As long as I have observed Lent, I've never been to keen on the penitence aspect and this year was no  difference. In fact I struggled to keep my Lenten fast in so many ways. At first this really upset me, it depressed me and made me feel inadequate, but then my friend and fellow pastor Coy Remer said, "Well then you're doing it right!" I thought about that and came to the conclusion that Lent is about us humans fixating on our humanity, frailty and fallen nature. Instead of penitence we ought to focus on our propensity for sin and our inability to do absolutely nothing about it! What better way to do that than to see myself fail in my attempt to please God on my own?

This Lent, do to many personal issues, has been one of the darkest Lents of all time for me and because of this I AM SO READY FOR EASTER! This Lent I have come to the conclusion that Christ is absolutely my righteousness and holiness. Without Christ I am dead.
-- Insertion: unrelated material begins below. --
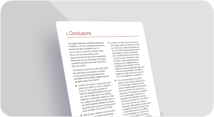 7. Conclusions This research has demonstrated the seriousness Loneliness can have serious consequences ¤ of loneliness, not only to individuals experiencing and negative impacts at both a personal and the issue but also its potential impact on community level. Loneliness can cause and, communities, our economy, and wider society. at times, worsen existing personal problems We are now at a critical juncture where (psychological, social, and behavioural) supporting those who are at risk of experiencing and community level issues (fewer social loneliness to become reconnected with society connections, lack of confidence to leave can help those individuals as well as strengthen the home). Loneliness also has serious their communities. consequences for isolated individuals The following conclusions provide useful insights including increased morbidity, lower life into what support and services are needed satisfaction, and a predisposition towards low to help people before loneliness becomes mental and physical health. It can affect all embedded, and importantly engage those who aspects of their life, including an impact on are already feeling disconnected:other social relationships and behaviours. There is low awareness of the support Loneliness is viewed as a serious and urgent ¤ ¤ available to help people reconnect and the public issue, which is a common experience current landscape is viewed as not fit for in the UK. Yet the public perception of purpose outside of supporting older people. those who experience loneliness was out of Services were viewed as piecemeal and sync with the reality and there are existing fragmented. The key reason for participants challenges to framing this outside of an ‘older not accessing support was the lack of life’ problem. More attention could be given to awareness of the availability of services promote the idea that loneliness can happen and support relevant to them. One off/short across life stages, genders, and backgrounds term interventions were also viewed as and is not solely connected with later life.problematic. When services or support were Although age is well-documented in current ¤ accessed it was often too formal, did not literature as a risk factor to experiencing provide tailored support or was difficult loneliness, this research confirmed that to attend habitually due to location and people experiencing life events which can transport issues. Services and support disrupt existing connections are also at were signposted as needing to be tailored, risk. This ‘break of routine’ or disruption to sustainable, accessible, and targeted to identity which sees a new identity take hold is distinct stages of need. sometimes caused by a sudden or expected People who already find maintaining social life transition and therefore identifiable or ¤ preventable. Recognising this risk should relationships challenging due to other factors enable preventative and early reactive support (such as health issues or physical isolation) to be developed with people undergoing are more likely to be at risk of experiencing significant life changes. loneliness. People who face barriers in terms of other life stresses such as mental health Those experiencing loneliness can view ¤ or physical isolation are more at risk of connection with others as a daunting transitioning to chronic loneliness than others. experience, and this can result in questions The causes of loneliness are often multi- around self-worth. Chronic loneliness can ¤ therefore develop within the context of a layered and reinforcing. As loneliness is a newly emerging identity which can in turn lead complex issue which is often caused by a to difficulties re-connecting and the potential combination of personal, community and for reduced self-worth. At worst, people broader society issues, people experiencing experiencing loneliness felt they had little to loneliness need different types of support offer society and described suicidal thoughts.depending on their individual circumstances (preventative, responsive, restorative). To Conclusions 49

This Easter seems like such a gift. I reminder that because Christ lives, so shall I also live. I suppose as a pastor I should have a pretty good grasp on the last two idea's, i.e Christ as my righteousness and having eternal life through Christ, but like anything the profundity of this truth can get lost in the everyday hassle of life and can become common place especially as a pastor. This Easter I'm taking it all in, this Easter I'm gonna latch on to this idea of life, freedom, and forgiveness in Christ and truly enjoy what it's like to live again! I invite you to do the same.

Have a blessed Holy Week and Easter!

In Christ,
Josh+

Thursday, April 3, 2014

You and I are bad.

I have been leaning left for so long. It's been a reactionary thing I think. I grew up with a fundamentalist faith, but one that also stressed the mercy and grace found at the cross. Despite the "stressing" of mercy and grace I often felt so guilty that I never knew how to really be free and take advantage of that mercy and grace found at the cross. So every sense my Sophomore year in Bible College I've been leaning left. I teeter back right a bit from time to time, but for the most part I kept moving left.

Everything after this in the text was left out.